Exercise details:
What you return must match the records word for word, except that images are dropped.

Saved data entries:
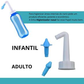 Descrição do anúncio: Conteúdo da embalagem: 1 higienizador nasal com recipiente de 300 ml 1 bico nasal tamanho adulto 1 bico nasal tamanho infantil Características: Alívio de sintomas como nariz entupido, dores de cabeça, espirros e coriza Facilita a remoção de impurezas e bactérias Hidratante para dias de tempo seco Diminui crises de asma, bronquite e outras alergias Previne amidalite e faringite Combate à otite Reduz dores de cabeça e mal-estar causados pela obstrução nasal Procedimento seguro e recomendado por médicos Especificações: Material: plástico pp Capacidade do recipiente: 300 ml Peso: aprox. 115g Livre de bpa: sim Principais perguntas sobre o produto e respostas: 1 qual a capacidade do recipiente A capacidade do recipiente é de 300 ml. 2 pode ser por crianças e adultos Sim, o higienizador nasal é adequado e eficiente tanto para crianças quanto para adultos. 3 qual é o material do produto O produto é feito de plástico pp e é livre de bpa. 4 como é feito o procedimento de lavagem O procedimento é indicado com soro fisiológico ou água morna com sal, escolhendo a ponteira adequada, inclinando a cabeça e apertando o botão para iniciar a lavagem. 5 o produto vem com Sim, o produto possui do vendedor de 30 dias. 6 é necessário virar a cabeça para o lado durante a lavagem Não, não é necessário virar a cabeça para o lado, evitando possíveis dores no ouvido. Marca: Não Informado Ean: 7904263822627
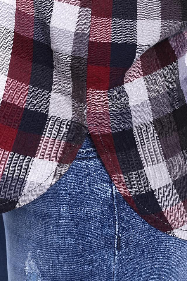 - Цвет: Универсальная бордово-серая клетка – легко сочетается с другими вещами в гардеробе.
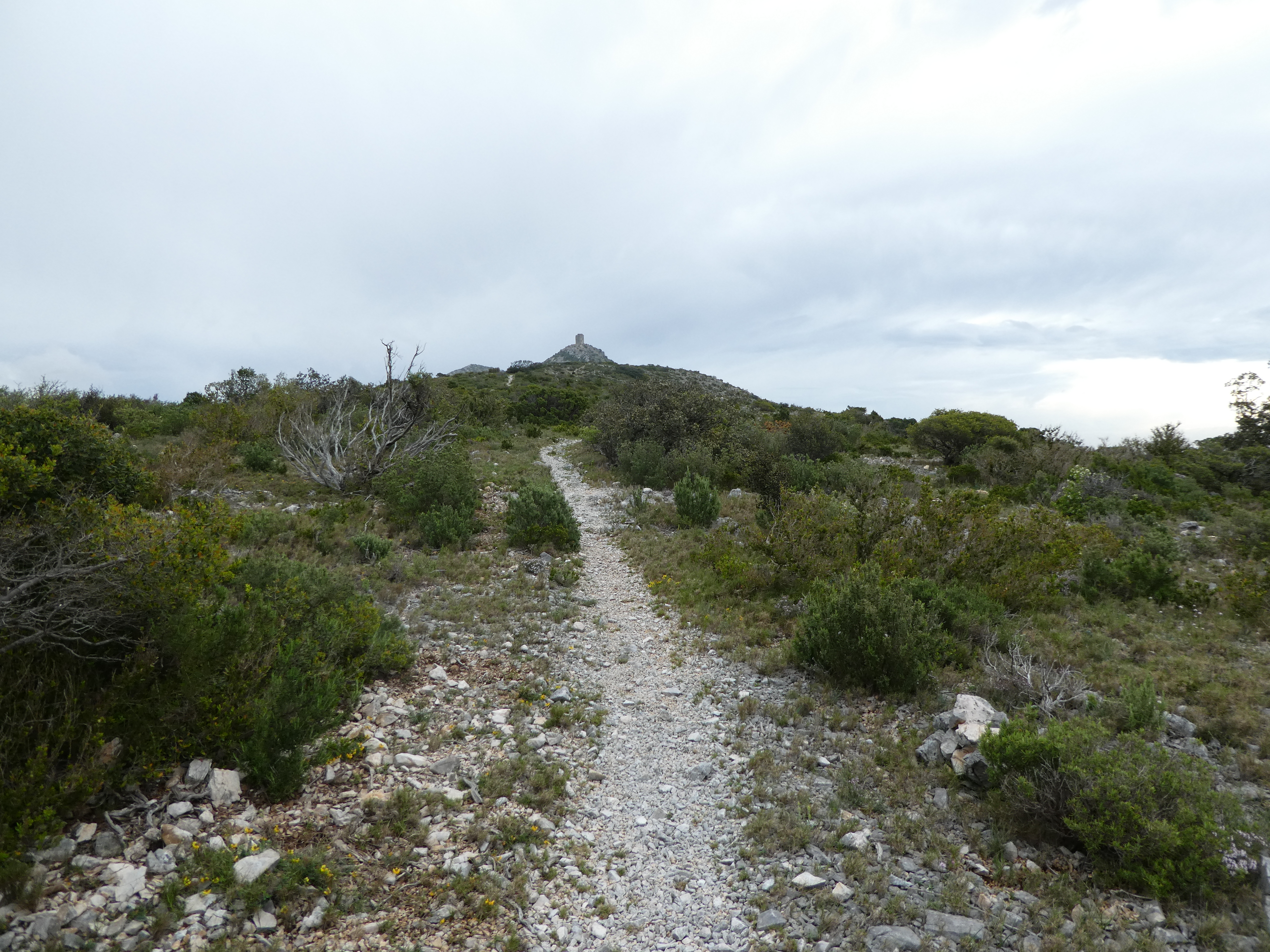 A ce croisement avec le chemin "officiel" et balisé en jaune venant de Cases-de-Pène (900 mètres après le précédent) (418 m), continuer à suivre le chemin de crête partant légèrement sur la gauche direction Tour de Tautavel, balisé en jaune et rouge, en jaune et blanc, et en jaune dorénavant
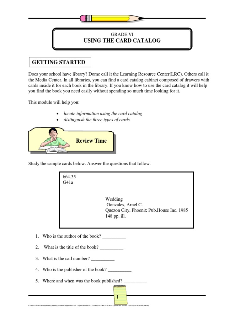 Using The Card Catalog Grade6 PDF Library Science Libraries
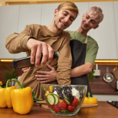 Selektywne skupienie się na sałatce gotowanej przez pary homoseksualne
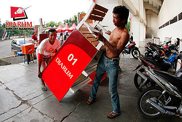 Dua orang pekerja terlihat sedang menggotong kursi wasit.
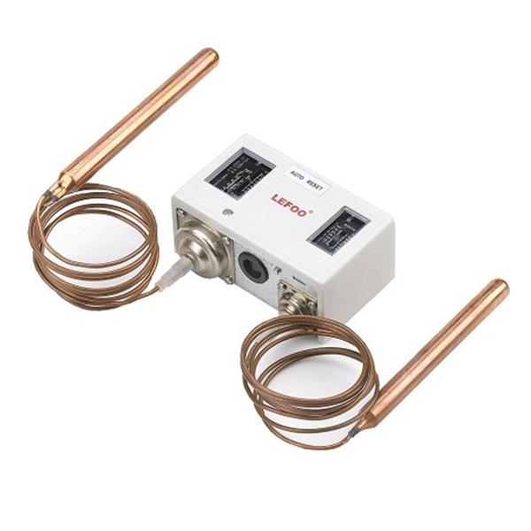 TSH型雙溫度控制器有兩個獨立的溫控功能,在制冷裝置中,為了要防止壓縮機排氣溫度過高,同時要保證壓縮機有合適的油溫,TSH型雙溫度控制器可實現此目的。將一個高溫感溫包(HT)放在壓縮機排氣口管道中,將另一個高溫感溫包(OIL)放在壓縮機的油池中,它們中間任何一個溫度超過限定溫度值時均可執行保護性停機。
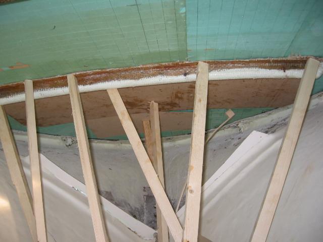 billedet viser hvordan det så ud da jeg begyndte at fjerne lammineringen under fordækket. Rindækket har flere steder samme problem
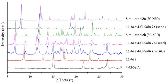 Powder X-ray diffractograms for 2a (from solution growth after hetero-seeding with 1) and 2b from LAG along with the coformers 11-Aza and 4-Cl-SalA.
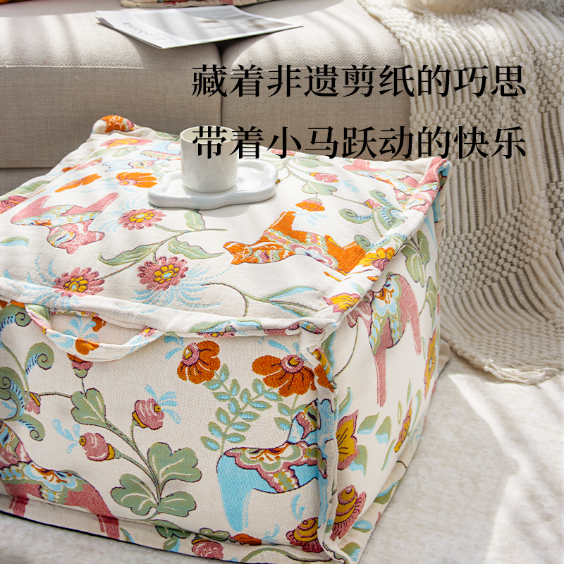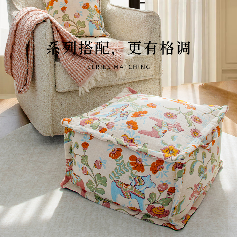 目野「乐跃花驰」法式坐墩高级轻奢蒲团换鞋凳客厅脚踏沙发凳新款
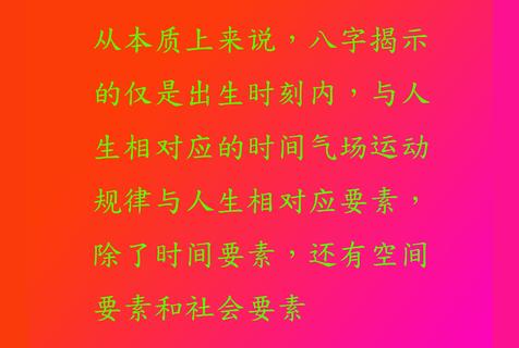 从本质上来说,八字揭示的仅是出生时刻内,与人生相对应的时间气场运动规律与人生相对应要素,除了时间要素,还有空间要素和社会要素。而八字方法不能有效地揭示出空间气场的运动规律,社会规律在八字中更无法有效地反映出来。对于一般的物体运动来说,时间和空间因素是至关重要的,掌握了这两大因素,就可以充分地把握事物的运动规律。对于人类来说,光有时间和空间要素是不够的,因为人是社会性的动物,人有意识,人类社会有其必然的运动规律,所以,要全面地揭示人的一生就一定要充分考虑人的社会规律,把时间运动规律、空间运动规律和社会运动规律三方面结合起来。
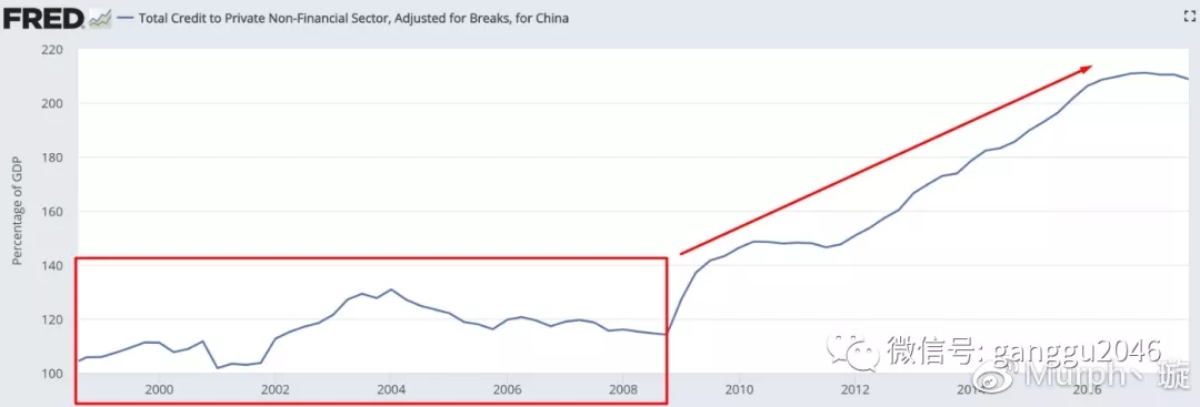如图为中国私人债务占GDP的比。我们可以看到在中国经济发展最繁荣的阶段,即2001至2008这几年,虽然债务本身也在飞速的增长,但由于经济(收入)的增速也很快,所以债务与GDP的比几乎没有什么变化。按照Ray的标准,我们可以说那些年所增加的债务都是好债务,它们被投资在了可以产生经济效益的地方。
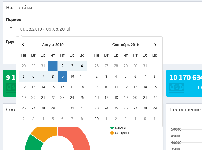Для выбора промежутка времени нажмите на Период и выберите интересующий вас период.
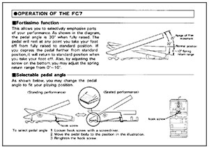 In addition to standard operation, the FC7 expression pedal also supports two unique Yamaha functions. The first is referred to as “fortissimo," and using this function, the pedal can be automatically returned to the standard position—a position set with a spring that can be adjusted up to a maximum of 10° using a screw in the base. The pedal can be set to any point between the fully raised position and the standard position shown in the diagram, and it will usually remain in this position until moved. If, however, the pedal is operated to within the spring return range, it will automatically return to the standard position when released. Using this extremely useful function, you can apply a basic volume or filter setting (corresponding to the standard position) for the majority of your performance, but where necessary, produce stronger (fortissimo) sounds for added expression. The other unique function makes it possible to change the tilt of the pedal, which is important because the angle of the foot differs depending on whether you are playing standing up or sitting down. In typical Yamaha fashion, this overall design takes much of the knowhow perfected for the Electone and reapplies it in a single pedal.
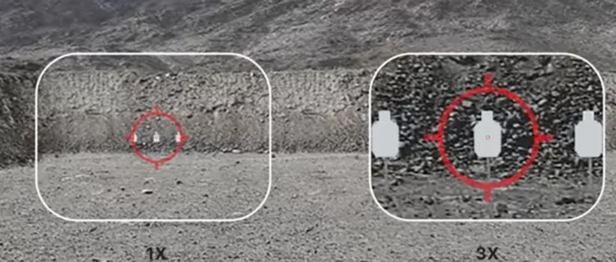 На линзы объектива нанесено многослойное просветляющее покрытие FMC, обеспечивающие высокий коэффициент светопропускания. Оптическое увеличение составляет 3х. Вынос выходного зрачка равен 75,1 мм, что является безопасным для использования с оружием крупных калибров. Диаметр выходного зрачка 6 мм комфортен для зрения. Для точной настройки изображения под индивидуальный особенности зрения предусмотрена диоптрийная корректировка. Выровнять положение прицельной марки коллиматора относительно центра поля зрения увеличителя Arkon Matrix 3х18 можно при помощи специальных механизмов под шлицевую отвертку.

Response:
 Descrição do anúncio: Conteúdo da embalagem: 1 higienizador nasal com recipiente de 300 ml 1 bico nasal tamanho adulto 1 bico nasal tamanho infantil Características: Alívio de sintomas como nariz entupido, dores de cabeça, espirros e coriza Facilita a remoção de impurezas e bactérias Hidratante para dias de tempo seco Diminui crises de asma, bronquite e outras alergias Previne amidalite e faringite Combate à otite Reduz dores de cabeça e mal-estar causados pela obstrução nasal Procedimento seguro e recomendado por médicos Especificações: Material: plástico pp Capacidade do recipiente: 300 ml Peso: aprox. 115g Livre de bpa: sim Principais perguntas sobre o produto e respostas: 1 qual a capacidade do recipiente A capacidade do recipiente é de 300 ml. 2 pode ser por crianças e adultos Sim, o higienizador nasal é adequado e eficiente tanto para crianças quanto para adultos. 3 qual é o material do produto O produto é feito de plástico pp e é livre de bpa. 4 como é feito o procedimento de lavagem O procedimento é indicado com soro fisiológico ou água morna com sal, escolhendo a ponteira adequada, inclinando a cabeça e apertando o botão para iniciar a lavagem. 5 o produto vem com Sim, o produto possui do vendedor de 30 dias. 6 é necessário virar a cabeça para o lado durante a lavagem Não, não é necessário virar a cabeça para o lado, evitando possíveis dores no ouvido. Marca: Não Informado Ean: 7904263822627
 - Цвет: Универсальная бордово-серая клетка – легко сочетается с другими вещами в гардеробе.
 A ce croisement avec le chemin "officiel" et balisé en jaune venant de Cases-de-Pène (900 mètres après le précédent) (418 m), continuer à suivre le chemin de crête partant légèrement sur la gauche direction Tour de Tautavel, balisé en jaune et rouge, en jaune et blanc, et en jaune dorénavant
 Using The Card Catalog Grade6 PDF Library Science Libraries
 Selektywne skupienie się na sałatce gotowanej przez pary homoseksualne
 Dua orang pekerja terlihat sedang menggotong kursi wasit.
 TSH型雙溫度控制器有兩個獨立的溫控功能,在制冷裝置中,為了要防止壓縮機排氣溫度過高,同時要保證壓縮機有合適的油溫,TSH型雙溫度控制器可實現此目的。將一個高溫感溫包(HT)放在壓縮機排氣口管道中,將另一個高溫感溫包(OIL)放在壓縮機的油池中,它們中間任何一個溫度超過限定溫度值時均可執行保護性停機。
 billedet viser hvordan det så ud da jeg begyndte at fjerne lammineringen under fordækket. Rindækket har flere steder samme problem
 Powder X-ray diffractograms for 2a (from solution growth after hetero-seeding with 1) and 2b from LAG along with the coformers 11-Aza and 4-Cl-SalA.
 目野「乐跃花驰」法式坐墩高级轻奢蒲团换鞋凳客厅脚踏沙发凳新款
 从本质上来说,八字揭示的仅是出生时刻内,与人生相对应的时间气场运动规律与人生相对应要素,除了时间要素,还有空间要素和社会要素。而八字方法不能有效地揭示出空间气场的运动规律,社会规律在八字中更无法有效地反映出来。对于一般的物体运动来说,时间和空间因素是至关重要的,掌握了这两大因素,就可以充分地把握事物的运动规律。对于人类来说,光有时间和空间要素是不够的,因为人是社会性的动物,人有意识,人类社会有其必然的运动规律,所以,要全面地揭示人的一生就一定要充分考虑人的社会规律,把时间运动规律、空间运动规律和社会运动规律三方面结合起来。
如图为中国私人债务占GDP的比。我们可以看到在中国经济发展最繁荣的阶段,即2001至2008这几年,虽然债务本身也在飞速的增长,但由于经济(收入)的增速也很快,所以债务与GDP的比几乎没有什么变化。按照Ray的标准,我们可以说那些年所增加的债务都是好债务,它们被投资在了可以产生经济效益的地方。
Для выбора промежутка времени нажмите на Период и выберите интересующий вас период.
 In addition to standard operation, the FC7 expression pedal also supports two unique Yamaha functions. The first is referred to as “fortissimo," and using this function, the pedal can be automatically returned to the standard position—a position set with a spring that can be adjusted up to a maximum of 10° using a screw in the base. The pedal can be set to any point between the fully raised position and the standard position shown in the diagram, and it will usually remain in this position until moved. If, however, the pedal is operated to within the spring return range, it will automatically return to the standard position when released. Using this extremely useful function, you can apply a basic volume or filter setting (corresponding to the standard position) for the majority of your performance, but where necessary, produce stronger (fortissimo) sounds for added expression. The other unique function makes it possible to change the tilt of the pedal, which is important because the angle of the foot differs depending on whether you are playing standing up or sitting down. In typical Yamaha fashion, this overall design takes much of the knowhow perfected for the Electone and reapplies it in a single pedal.
 На линзы объектива нанесено многослойное просветляющее покрытие FMC, обеспечивающие высокий коэффициент светопропускания. Оптическое увеличение составляет 3х. Вынос выходного зрачка равен 75,1 мм, что является безопасным для использования с оружием крупных калибров. Диаметр выходного зрачка 6 мм комфортен для зрения. Для точной настройки изображения под индивидуальный особенности зрения предусмотрена диоптрийная корректировка. Выровнять положение прицельной марки коллиматора относительно центра поля зрения увеличителя Arkon Matrix 3х18 можно при помощи специальных механизмов под шлицевую отвертку.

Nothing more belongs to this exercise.